Paris, Salle Pleyel, mardi 3 juin 2014
Jonathan Nott et le Bamberger Symphoniker. Photo : (c) Bamberger Symphoniker
En
cette année du cent cinquantenaire de la naissance de Richard Strauss les
occasions sont rares à Paris de plonger dans l’univers sensuel et
délicieusement mélancolique du compositeur le plus lyrique du XXe siècle. Considérant
ce que nous a donné à écouter Jonathan Nott à la tête de ses somptueux
Bamberger Symphoniker, l’on ne peut que regretter que son concert de mardi
n’ait pas été monographique.
Violeta Urmana. Photo : DR
En
effet, quoique Britannique, Jonathan Nott s’avère un brillant continuateur du
Bavarois Eugen Jochum qui se produisait très souvent avec la phalange bavaroise
dont il fut le directeur musical de 1968 à 1973. Nott, qui en est le
« patron » depuis quatorze ans, dirige en effet de façon pénétrante
la musique germanique, particulièrement austro-bavaroise. « Les Bamberger
Symphoniker sont fantastiques, se félicitait Jonathan Nott lorsque je le
rencontrais en 2005. Fondé en 1946, Philharmonie d’Etat de Bavière depuis 2003,
cet héritier de l’Orchestre Philharmonique Allemand de Prague jouit d’un
profond atavisme "Mittle Europa". S’il n’a pas la moiteur de ses
confrères germaniques ni les sonorités de diamant des américains, il est plus
engagé, ses couleurs sont plus chaudes, rondes et rutilantes, le son toujours
droit, et il est capable des nuances les plus fines. » Ouvert à un très
large répertoire, jusqu’au plus contemporain qu’il dirige avec une constante générosité,
ce que les Français ont pu apprécier lorsqu’il était directeur musical de
l’Ensemble Intercontemporain et comme peuvent en juger les discophiles avec
entre autres son intégrale chez Warner de l’œuvre pour orchestre de György
Ligeti, Nott s’est rapidement imposé parmi les grands chefs symphonistes d’aujourd’hui,
notamment par une remarquable intégrale des symphonies de Gustav Mahler, dont
une inoubliable Neuvième qu’il a
dirigée avec ce même orchestre bavarois dans cette même Salle Pleyel voilà
quelques années.
Richard Strauss (1864-1949). Photo : DR
Cette fois, c’est avec la Première Symphonie « Titan »
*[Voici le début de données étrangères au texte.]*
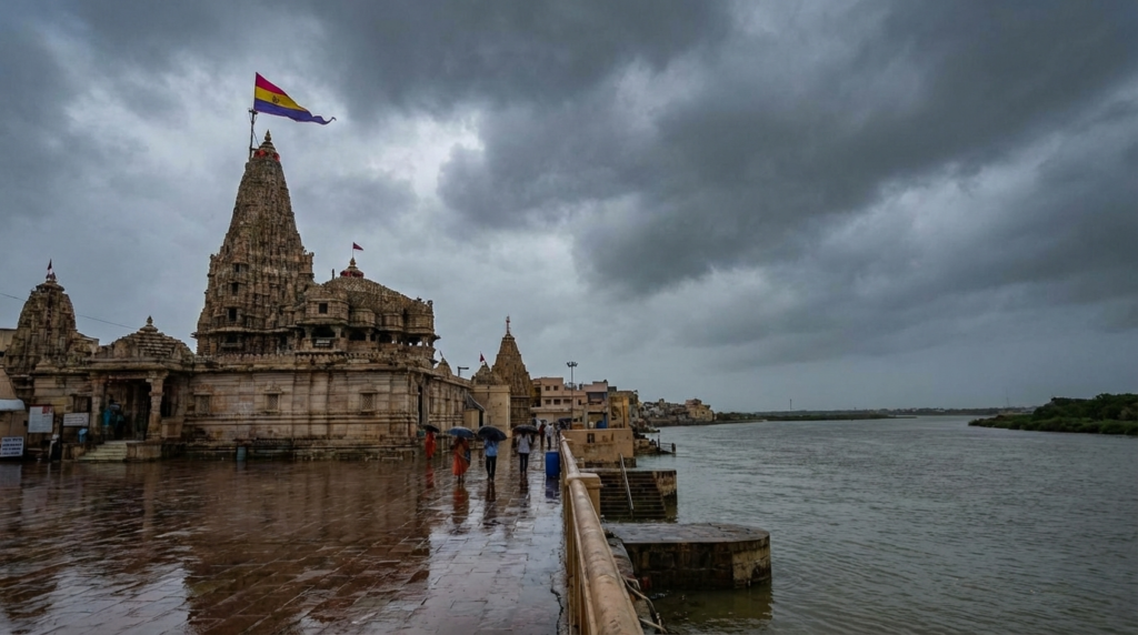 The southwest monsoon arrives on Dwarka’s Arabian Sea coast in late June and brings heavy rainfall, rough seas, and dramatically lush surroundings through September. The dwarka climate during this period is warm and very humid, with periodic heavy downpours. The Gomti Ghat and seafront areas can flood during peak rainfall days, and boat services to Beyt Dwarka are frequently suspended due to rough seas.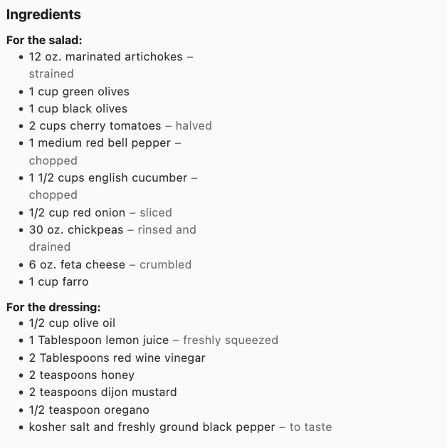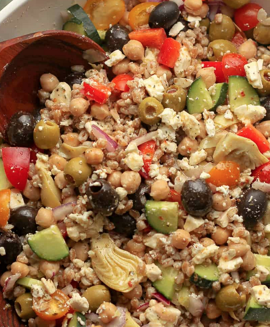 4 AN AMAZING FARRO GREEK SALAD This is sooo good! Great as a side with a BBQ, fish or chicken, can easily be a main dish as well. Super flavorful and always a hit!

qu’il est venu à Paris dont il a offert une interprétation de tout premier
plan. Mais le héros de la soirée était non pas Mahler mais son grand
contemporain et confrère, le compositeur chef d’orchestre Richard Strauss, dont
un poème symphonique et six lieder constituaient la première partie du
programme. Un programme qui s’est ouvert sur une interprétation de feu du poème
symphonique Don Juan op. 20 de 1888, première
page que Strauss consacra au genre créé par Franz Liszt et qu’il allait porter
à son apogée. Jonathan Nott n’a pas tergiversé, portant cette page somptueuse
jusqu’à la fusion, la dirigeant en douze minutes alors que la partition indique
cinq minutes de plus. Ce qui n’a pas empêché les grands solos de violon et de
bois de sonner avec délectation et une sensualité exquise et émouvante. L’Orchestre
Symphonique de Bamberg, constitué d’une centaine d’authentiques virtuoses
sonnant comme un seul, avec un fondu de couleurs et de timbres moirés et
ductiles. Cette assise sculpturale a enveloppé quarante minutes durant la
voix charnue et étonnamment plus maîtrisée que dans ses dernières prestations à
l’Opéra de Paris. La voix est posée, la ligne de chant bien tenue, rien ne
paraît cette fois forcé et contraint. En fait, à l’exception de Verführung op. 33/1 avec lequel la
soprano lituanienne a ouvert la série de sept lieder avec orchestre de Strauss,
qui a laissé craindre que la cantatrice ait persévéré dans son chant criard et
relâché. Mais dès An die Nacht op. 68/1,
à l’écriture pourtant tendue et mettant l’orchestre en avant, la ligne vocale
s’est avérée bien tenue, le timbre rayonnant, l’interprétation généreuse, bien
que la diction ne soit pas toujours claire, voire défectueuse. Frühlingsfeier op. 56/5 et surtout les
quatre lieder de l’Opus 27 qui
comptent parmi les pages les plus célèbres de Richard Strauss, particulièrement
le premier, Ruhe, meine Seele, et le
troisième, Morgen, ont été délicieusement
chantés, soutenus il est vrai par un orchestre magnifique de sonorité et de
fluidité. Pour conclure cet hommage au plus grand mélodiste allemand du XXe
siècle, Violeta Urmana a offert en bis le bref mais ardent Zueignung op. 10/1.